Source data:
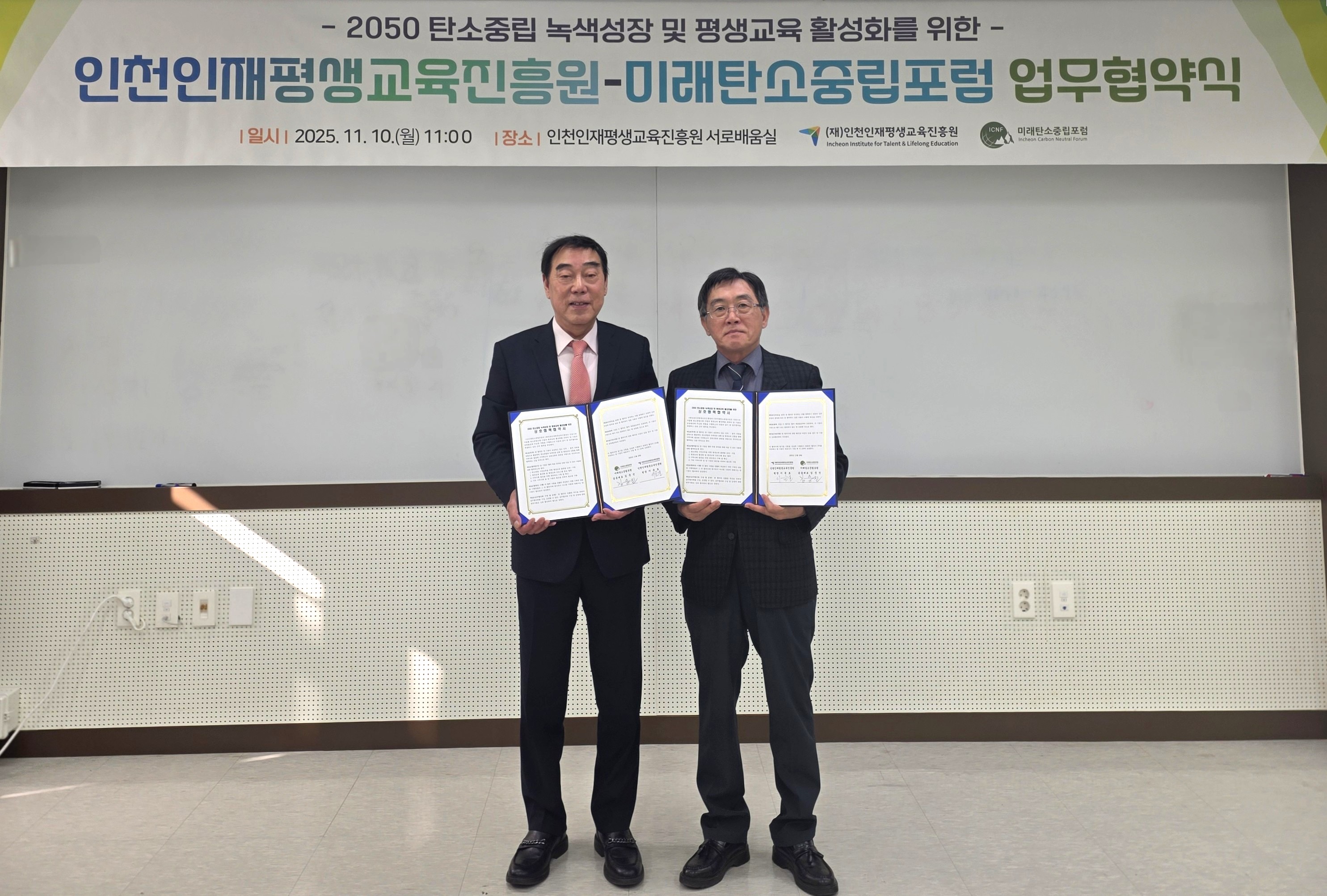 포토갤러리 Home 정보마당 포토갤러리 상세 - 번호, 제목, 작성자, 파일, 조회수, 작성일 정보 제공 제목 인천인재평생교육진흥원-미래탄소중립포럼 업무협약식(MOU) 개최 작성자 평생교육부 등록일 2025-11-10 조회 39 < 인천인재평생교육진흥원-미래탄소중립포럼 업무협약식(MOU) 개최 > ❍ 일 시: 2025. 11.10.(월) 11:00 ❍ 장 소: 인천인재평생교육진흥원 서로배움실 ❍ 참 석: 이윤호 인천인재평생교육진흥원장, 김중진 미래탄소중립포럼 공동대표 등 관계자 8명 ❍ 협약내용: 2050 탄소중립 녹색성장 및 평생교육 활성화를 위한 지원사업 이전글 2025 인천 디지털 건강문해 (11.4~11.5) 다음글 2025년 인천광역시 성인문해교육 시화전 개최 목록
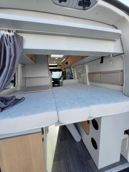 Ce modèle mesure environ 5,57 m de long , 2,07 m de large et 2,60 m de haut , ce qui lui permet de rester facile à manœuvrer, même en ville. Il accueille généralement 4 personnes en places carte grise et propose 2 à 3 couchages grâce à une configuration bien pensée. En outre, il est souvent équipé d’un moteur diesel Renault Master d’environ 135 à 150 chevaux , assurant une conduite agréable et une bonne tenue sur route, même chargé.
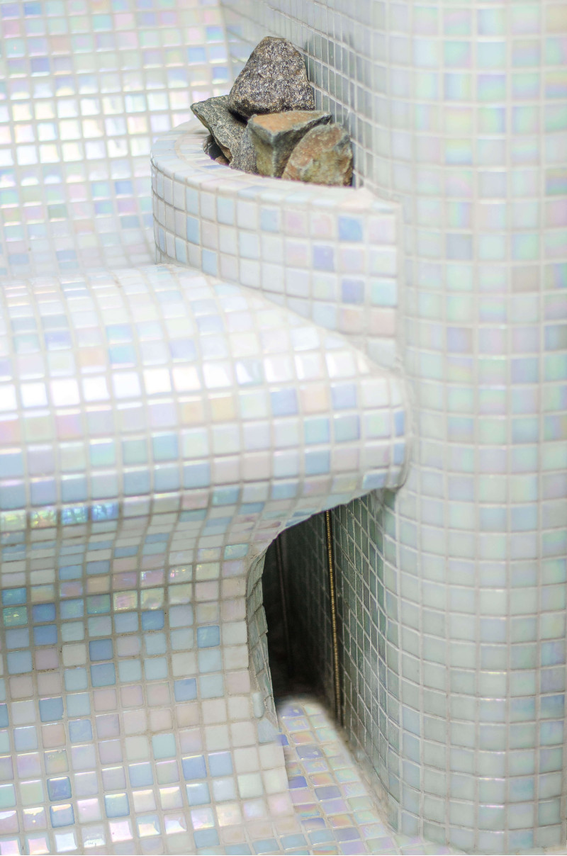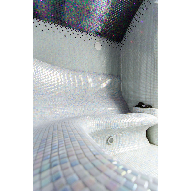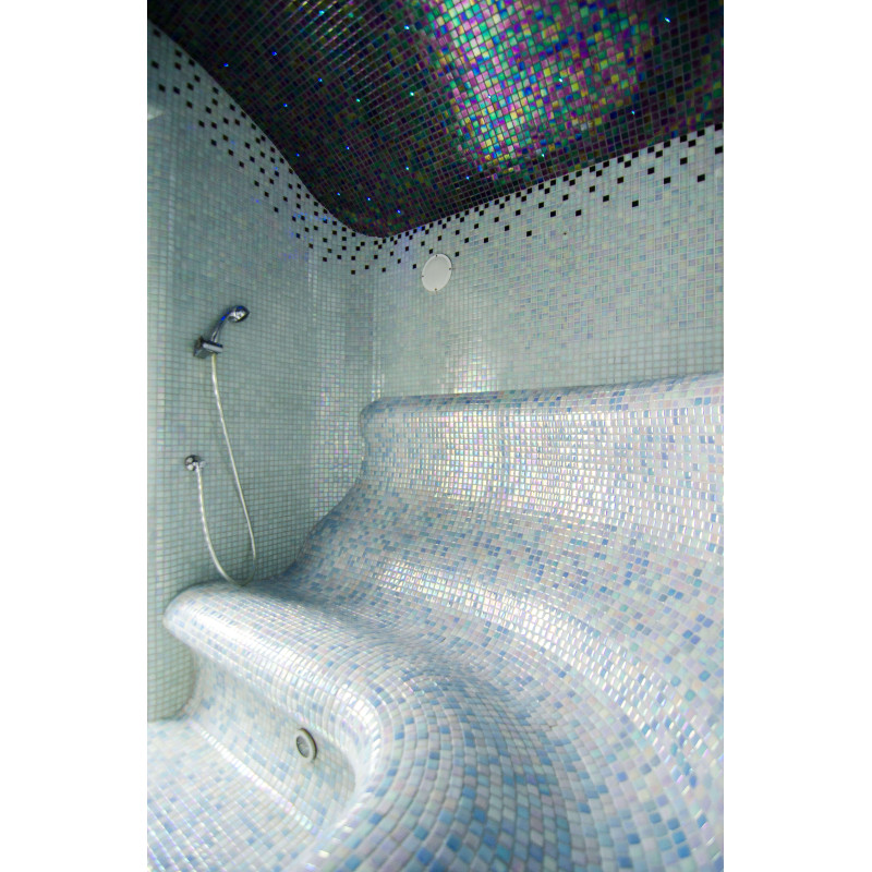 A gőzszauna padok, falak és mennyezetek egyedileg készülnek speciális extrudált polisztirolból. A mennyezetek minden gőzkabinra jellemzően ív alakúak, így nem tud rájuk páralecsapódni. Ülőpozíciók, ívelt, kényelmes formájú padok a kellemes pihenéshez a szaunában. A padokat víztelenítik, nehogy verejték és nedvesség gyűljön fel rajtuk.
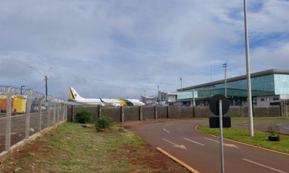 Na tarde deste domingo (31), um avião Embraer 190 da Força Aérea Brasileira chegou ao aeroporto de Cascavel.
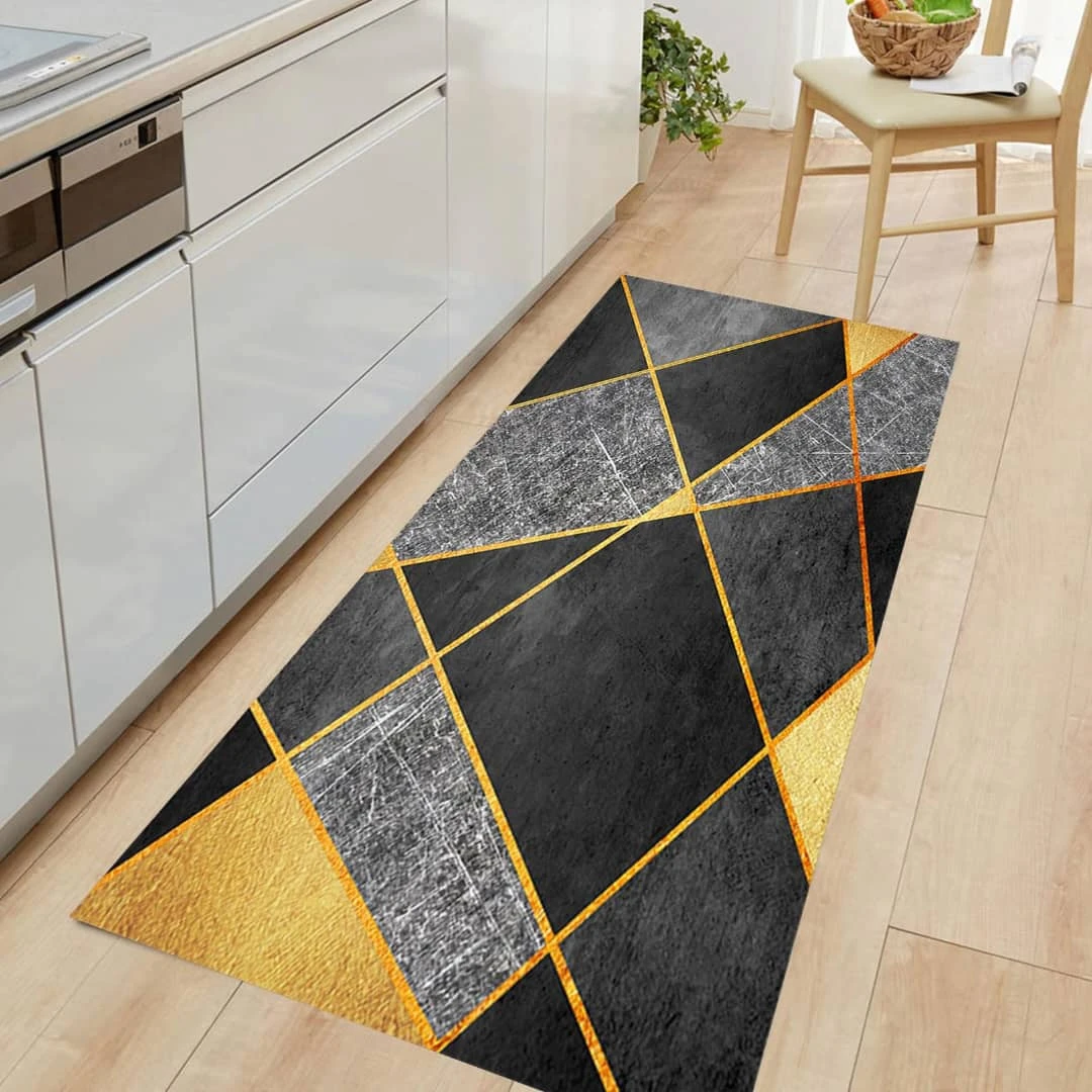 Il y a une bordure décorative autour du tapis, avec un motif discret qui encadre le motif principal.
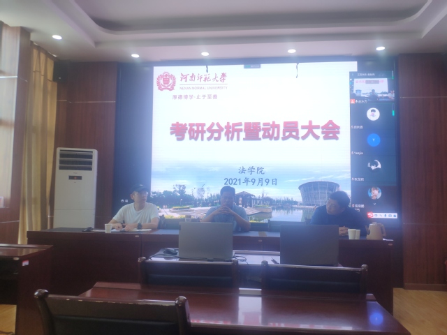 为帮助2018级学生提高考研积极性,解决备考过程中遇到的困惑与难题,明确个人未来发展目标,9月9日下午,法学院借助“腾讯会议”线上召开了考研分析暨动员大会,学院院长于庆生、副院长郭少飞、研究生秘书徐晓以及2018级全体学生共同参与。会议由2018级辅导员赵东方主持。
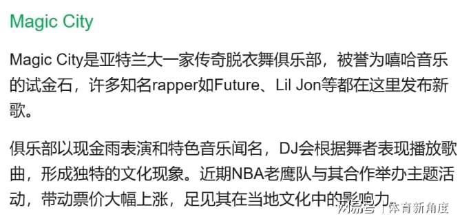 老鹰队官方传来重磅消息,3月16日那场对阵魔术的主场比赛,他们可是憋了个超级大招儿!他们把当天命名为“Magic City Monday”(魔术城星期一),还和当地大名鼎鼎、充满传奇色彩的脱衣舞俱乐部Magic City搞起了联动。据说啊,现场那表演精彩得不得了,就像一场视觉与听觉的盛而且呢,球队还特意邀请了俱乐部里的成员来录制播客,一起深入探讨这家俱乐部对当地文化产生的巨大影响,这话题肯定超有料!
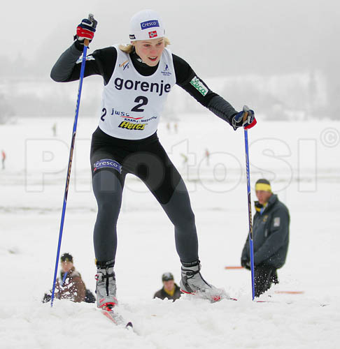 : Gur Stroem Solli of Norway skiing during Under-23 Women qualification for FIS Nordic Junior Ski World Championships Sprint race were held in Medvode, Slovenia. First 32 skiers qualified for afternoon finals.
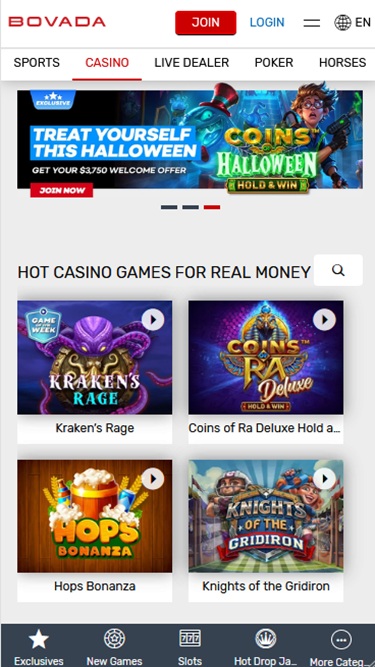 Bovada では、モバイル カジノ、スポーツ、ポーカー、競馬製品も提供しています。
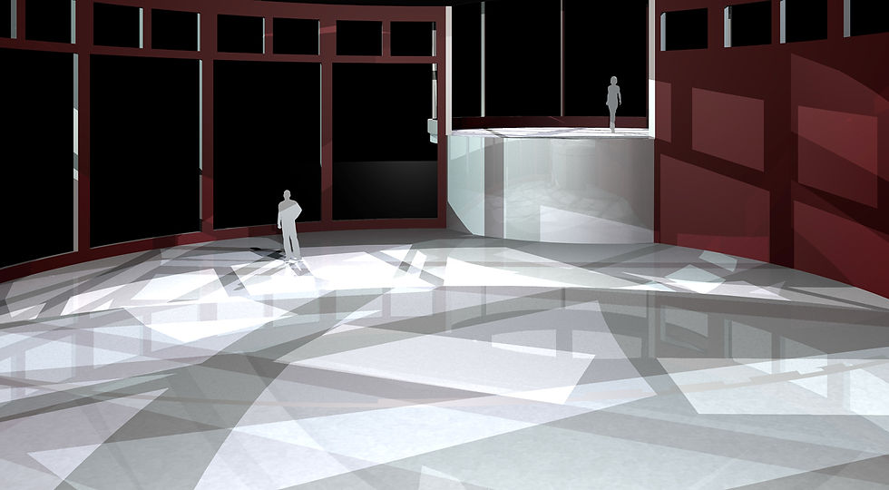 The seventh step: Form Z Environment 3. The seventh step was phase one of my final digital environment. The environment had to be revised and edited from the three dimensional model constructed in the sixth step. In this step, my environment no longer had to use the 30 parts originally created for this project but there had to be some quality that was retained from the more significant shapes I drew from the initial proposal.

* **ASSIGNMENT**: No pictures should appear in the answer, which is to be the lines from the line with "为帮助2018级学生提高考研" through the end of the records above, restated exactly.

* **SOLUTION TO THIS PROBLEM**:
 为帮助2018级学生提高考研积极性,解决备考过程中遇到的困惑与难题,明确个人未来发展目标,9月9日下午,法学院借助“腾讯会议”线上召开了考研分析暨动员大会,学院院长于庆生、副院长郭少飞、研究生秘书徐晓以及2018级全体学生共同参与。会议由2018级辅导员赵东方主持。
 老鹰队官方传来重磅消息,3月16日那场对阵魔术的主场比赛,他们可是憋了个超级大招儿!他们把当天命名为“Magic City Monday”(魔术城星期一),还和当地大名鼎鼎、充满传奇色彩的脱衣舞俱乐部Magic City搞起了联动。据说啊,现场那表演精彩得不得了,就像一场视觉与听觉的盛而且呢,球队还特意邀请了俱乐部里的成员来录制播客,一起深入探讨这家俱乐部对当地文化产生的巨大影响,这话题肯定超有料!
 : Gur Stroem Solli of Norway skiing during Under-23 Women qualification for FIS Nordic Junior Ski World Championships Sprint race were held in Medvode, Slovenia. First 32 skiers qualified for afternoon finals.
 Bovada では、モバイル カジノ、スポーツ、ポーカー、競馬製品も提供しています。
 The seventh step: Form Z Environment 3. The seventh step was phase one of my final digital environment. The environment had to be revised and edited from the three dimensional model constructed in the sixth step. In this step, my environment no longer had to use the 30 parts originally created for this project but there had to be some quality that was retained from the more significant shapes I drew from the initial proposal.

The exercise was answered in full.